- А белья тебе не полагается, зайчик, она хищно улыбнулась, и Альва наконец понял упорство Итильдина, не желающего попасть к ней в руки, и в очередной раз порадовался, что нежного эльфа здесь нет. Точнее, он хотел бы, чтобы его Динэ был рядом, и тоска по нему постоянно маячила где-то в глубине сознания, но все же он был доволен, что избавил от горьких переживаний хотя бы одного из своих возлюбленных. Желание делить опасности с любимым проходит вместе с молодостью. В зрелости человек стремится взять их на себя.
Глядя, как в шатер вводят Кинтаро голого, со скованными руками, одурманенного каким-то заклятьем и в таком же серебряном ошейнике кавалер Ахайре ощутил острый и мучительный, как мигрень, приступ вины. На Кинтаро не было ни синяков, ни царапин могли, конечно, затянуться, когда он перекинулся, но засохшей крови тоже не было, и даже коса не растрепалась. А значит, скрутили его с помощью магии, что было по непостижимой степной логике вдвое унизительней, чем поражение от меча. И насколько Альва представлял себе нравы аррианок (а можно было не представлять, а взять нравы Дикой степи с поправкой на половую принадлежность), плечистая одноглазая дама, тащившая Кинтаро за цепь, только что попользовалась им в свое удовольствие. Наверное, и это вождь сочтет вдвойне позорным: что его взяла силой женщина, а не мужчина.
Альва мысленно пнул себя, обзывая недоумком, неудачником и самовлюбленным эгоистом. Помогло: кавалер собрался, и в мозгу его начал вырисовываться план.
Кинтаро пришел в себя в объятиях кавалера и вдруг дернулся но, узнав Альву, расслабился, шумно вздохнув.
- Это не бабы, это черти какие-то! сказал он в сердцах. Даже зверем я пару минут продержался, и только! А уж что потом было, я тебе вообще не расскажу, даже по пьяной лавочке!
Альва, не сдержавшись, тихонько фыркнул. Приятно видеть, что некоторые вещи остаются неизменными например, чувство юмора и присутствие духа его любимого варвара.
- Прости, что я втянул тебя в это, сказал он, быстро целуя Кинтаро в уголок рта.
- Пфф, фигня вопрос, пока задница в целости.
Александра покосилась на них, усмехаясь, и вернулась к разговору с дамой, которая, надо полагать, и прозывалась Эрменгардой. Альва опять не понимал ни единого слова, но язык был все тот же. Выходит, Александра наложила заклятье понимания не на него, а на себя. Умно, ничего не скажешь.
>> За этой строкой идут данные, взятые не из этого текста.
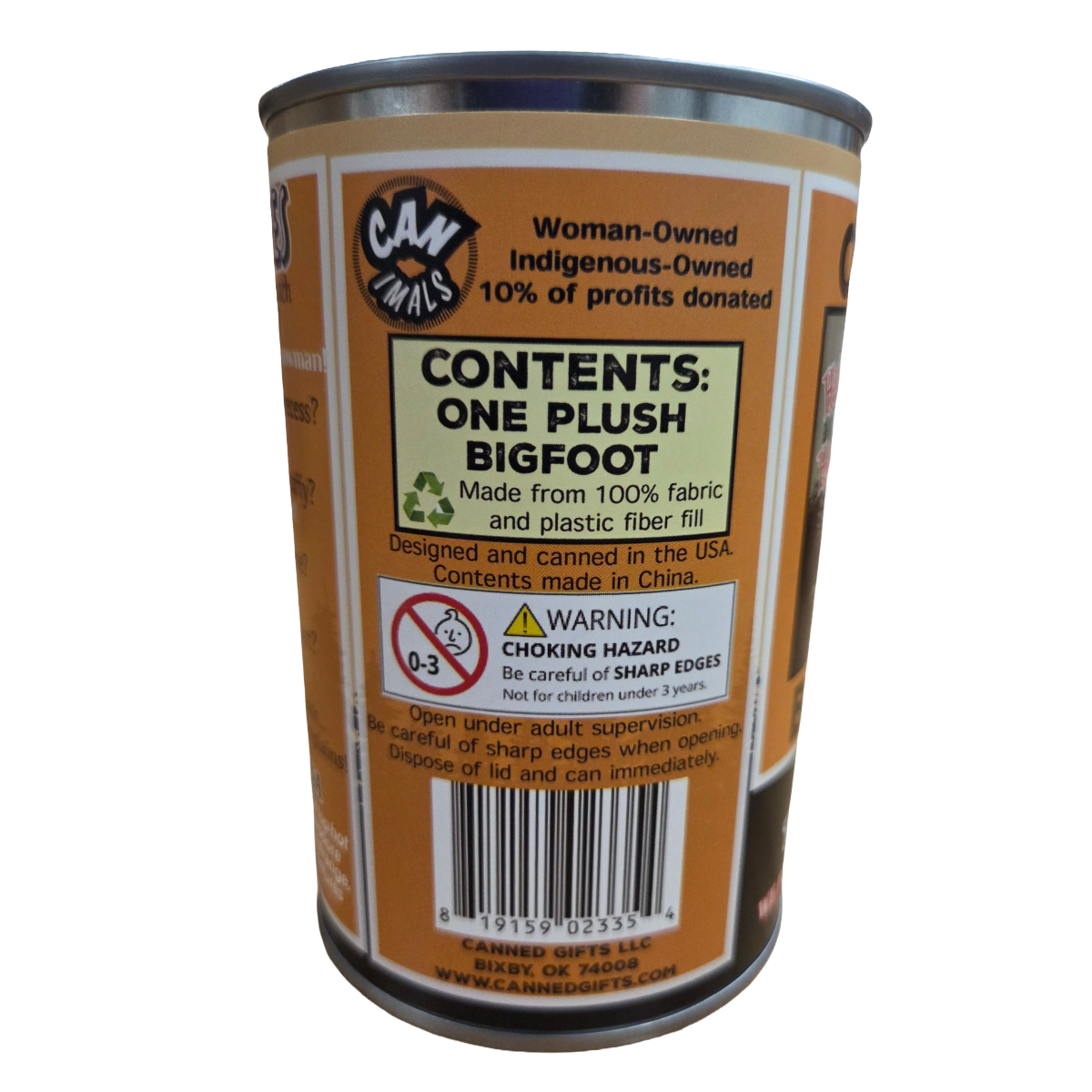 • Plush bigfoot sealed in a can. Your choice of lid style: regular, pop top, or foil.

Обеих воительниц совершенно не смущали зрители. "Ну да, с горечью подумал Альва, мы для них нечто среднее между слугой и домашним животным!" Упомянутая Эрменгарда была, похоже, не просто советницей или подругой, а кем-то более близким. Только посмотреть, как нежно она откинула прядь волос с лица своей повелительницы. Кажется, в Арриане считалось, что истинная любовь возможна только между женщинами. Интересно, понравилось бы здесь Лэйтис?
- У тебя есть какой-нибудь предмет или знак, который твой предполагаемый отец сразу узнает? поинтересовалась Александра, вспомнив наконец о его существовании.
- Боюсь, что нет, ответил сокрушенно Альва. В последний раз мы виделись, когда мне было двенадцать. И я крайне сомневаюсь, что он поверит, будто я в Арриане. Он ведь, знаете ли, чародей. Мое имя и сам факт моего существования можно просто выудить у кого-нибудь из памяти.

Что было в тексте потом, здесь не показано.